Additionally, the Kafka cluster ID may be useful for the purpose of uniquely identifying a Connect cluster from within a REST extension, since users may be running multiple Kafka clusters and the
group.id for a distributed Connect cluster may not be sufficient to identify a cluster.
Compatibility, Deprecation, and Migration Plan
Users who have written their own
ConnectClusterState implementations will have to implement these additional methods if they would like to develop against releases of AK that contain the changes here. Since this interface is already implemented by the Connect framework this is unlikely to be a problem. However, should a developer of a custom
ConnectClusterState encounter compile-time problems after migrating to a new release that includes these new interface methods, they will have several options available including throwing
UnsupportedOperationExceptions, providing empty implementations, or providing actual implementations.

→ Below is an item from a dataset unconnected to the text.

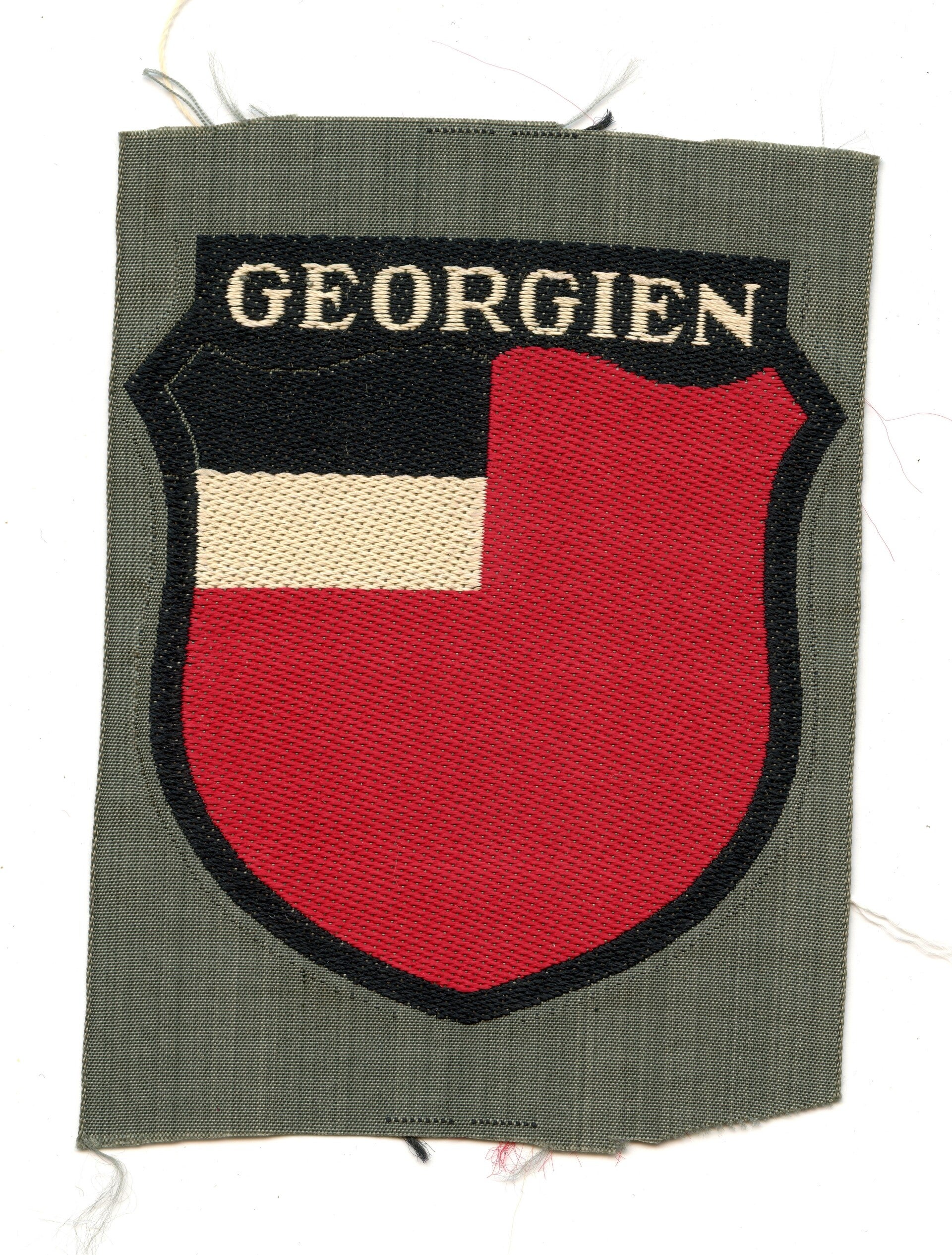 Very nice BeVo woven "Georgien" Volunteer Shield. The shield was worn by Georgean nationals whom served within the Georgien Legion. The shield remains in a mint and unissued condition. TOP PIECE! No repairs, no damage.

Since this is a feature addition and not a bug fix, the targeted version is the upcoming 2.3 release.
Adding default implementations for new methods
Adding non-default methods to the interface is technically a backwards incompatible change for anyone developing their own
ConnectClusterState implementation. Adding defaults for these methods, even if they immediately throw exceptions, solves this problem. However, that would defeat the purpose of implementing the interface in the first place–users looking up the
ConnectClusterState javadocs, for example, would expect those methods to be available. In order to reduce confusion for what is likely to be the most common case, no default methods will be added.

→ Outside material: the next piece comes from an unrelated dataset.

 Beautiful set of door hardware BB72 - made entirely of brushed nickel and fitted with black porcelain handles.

Exposing task configurations
Although information on task configurations is readily available from Herder instances, there has yet to be a convincing use case for exposing information on task configurations to REST extensions. This functionality can always be added later in a separate KIP; for now, we'll err on the side of caution and not add support for a feature that may not be used by anyone.
Query the Connect REST API from within the extension itself
For example, to compare a new configuration for a connector to its current configuration, make a
GET request to
/connectors/<connName>/ and read the current connector configuration from the response. Rejected because the Connect worker's REST interface may be restricted for security purposes, and requiring users to provide extra security configuration information to a REST extension would be painful and may not be possible in all circumstances. Implementation would also be more difficult for writers of the REST extension than necessary. Additionally, if this were a recommended means of collecting information about a Connect cluster from within a REST extension, the
ConnectClusterState interface in its current form would be entirely redundant.
Create an AdminClient
To deduce the Kafka cluster ID, create an
AdminClient based on the worker configuration properties provided to the extension in its
configure(...) method, then get the cluster ID using that client. Rejected because, like above, implementation would be more difficult for writers of the REST extension than necessary.

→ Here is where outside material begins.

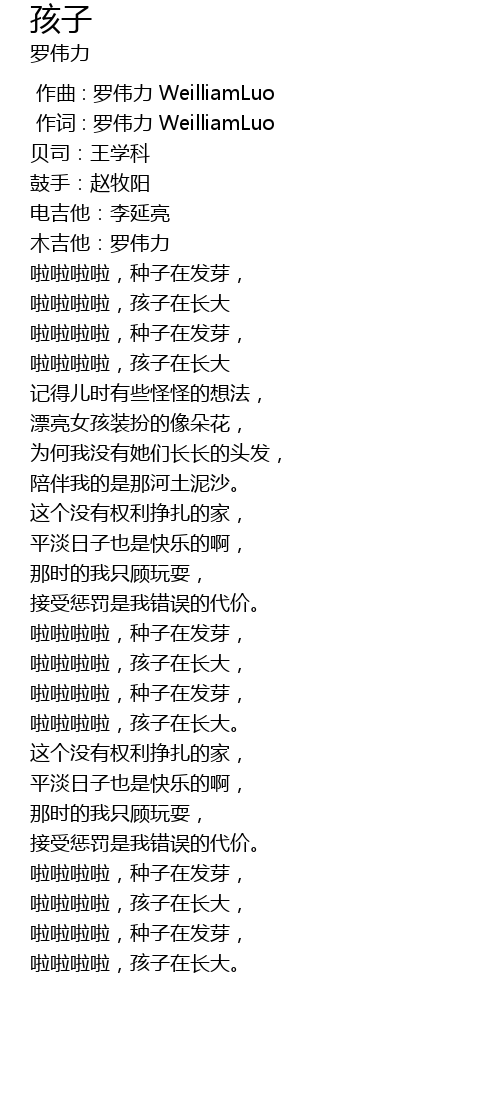 | [00:01.000] | 作词 : 罗伟力 WeilliamLuo |

Consume from the Connect configuration topic
To deduce the configurations of connectors and tasks, read directly from the
config.storage.topic. Rejected because, like above, implementation would be more difficult for writers of the REST extension than necessary. Also, as with the rejected alternative of querying the Connect REST API from within the extension itself, if this were a recommended means of collecting information about a Connect cluster from within a REST extension, the status information of connectors could be read from the
status.storage.topic, and the
ConnectClusterState.connectorHealth(...) method would be partially if not entirely redundant.